Modern servomotors use rotary encoders, either absolute or incremental. Absolute encoders can determine their position at power-on but are more complicated and expensive. Incremental encoders are simpler, cheaper, and work at faster speeds. Incremental systems, like stepper motors, often combine their inherent ability to measure intervals of rotation with a simple zero-position sensor to set their position at start-up.

Instead of servomotors, sometimes a motor with a separate, external linear encoder is used. These motor + linear encoder systems avoid inaccuracies in the drivetrain between the motor and linear carriage, but their design is made more complicated as they are no longer a pre-packaged factory-made system.

==Motors==
The type of motor is not critical to a servomotor, and different types may be used. At the simplest, brushed permanent magnet DC motors are used, owing to their simplicity and low cost. Small industrial servomotors are typically electronically commutated brushless motors. For large industrial servomotors, AC induction motors are typically used, often with variable frequency drives to allow control of their speed.
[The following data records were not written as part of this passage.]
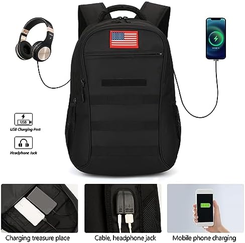 CHARGE PHONE EASILY:USB port and earphone port on the surface of the shoulder strap,the camo backpack for men offers you a more convenient way to charge your phone while walking.Please noted that this tactical backpack doesn’t power itself, usb charging port only offers an easy access to charge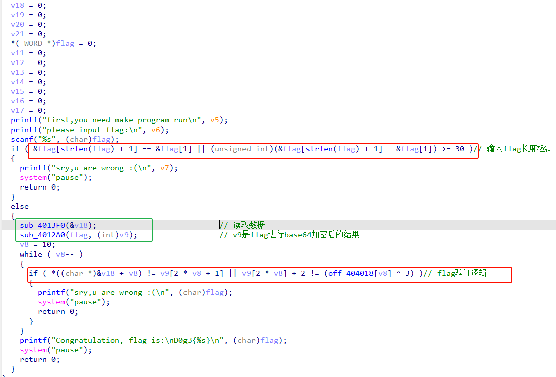 sub_4012A0(flag, (int)v9)是得到flag进行base64加密后的值。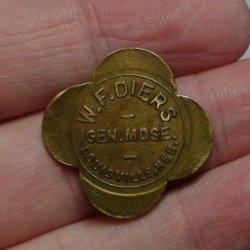 TOKEN READS: W. F. DIERS / - / GEN. MDSE. / - /LOUISVILLE, NEB. REVERSE: GOOD FOR / 5¢ / IN TRADE 23.5mm in diameter, 4 Scallops , Good Condition, Brass Thank You For Looking!!!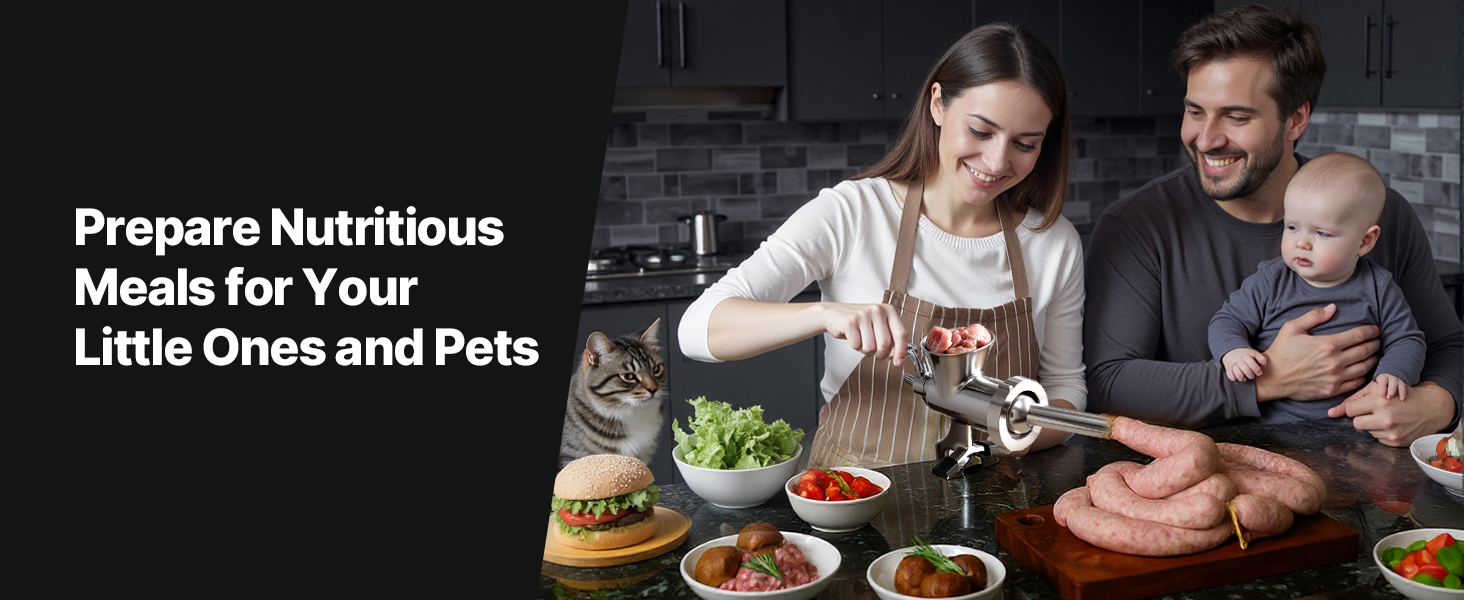 Stolný upínací mlynček na mäso je ideálny nielen na ľudskú stravu, ale aj na prípravu čerstvých a zdravých jedál pre vašich domácich miláčikov vrátane mačiek a psov, čím sa zabezpečí ich rovnako dôležitá výživa.

For ultimate performance in a compact package, brushless AC motors with permanent magnet fields are used, effectively large versions of Brushless DC electric motors.

Drive modules for servomotors are a standard industrial component. Their design is a branch of power electronics, usually based on a three-phase MOSFET or IGBT H bridge. These standard modules accept a single direction and pulse count (rotation distance) as input. They may also include over-temperature monitoring, over-torque, and stall detection features. As the encoder type, gearhead ratio, and overall system dynamics are application specific, it is more difficult to produce the overall controller as an off-the-shelf module, and so these are often implemented as part of the main controller.

==Control==
Most modern servomotors are designed and supplied around a dedicated controller module from the same manufacturer. Controllers may also be developed around microcontrollers in order to reduce cost for large-volume applications.

Modern industrial servomotor systems employ digital servo drives or amplifiers to regulate current, velocity, and position using feedback loops. These drives communicate over industrial fieldbuses such as EtherCAT, CANopen, and POWERLINK, allowing coordinated motion among multiple axes. Manufacturers including ADVANCED Motion Controls, Bosch Rexroth, and Yaskawa have developed such servo-drive families used in robotics, CNC machinery, and automated production equipment.

==Integrated servomotors==
Integrated servomotors are designed to include the motor, driver, encoder, and associated electronics into a single package.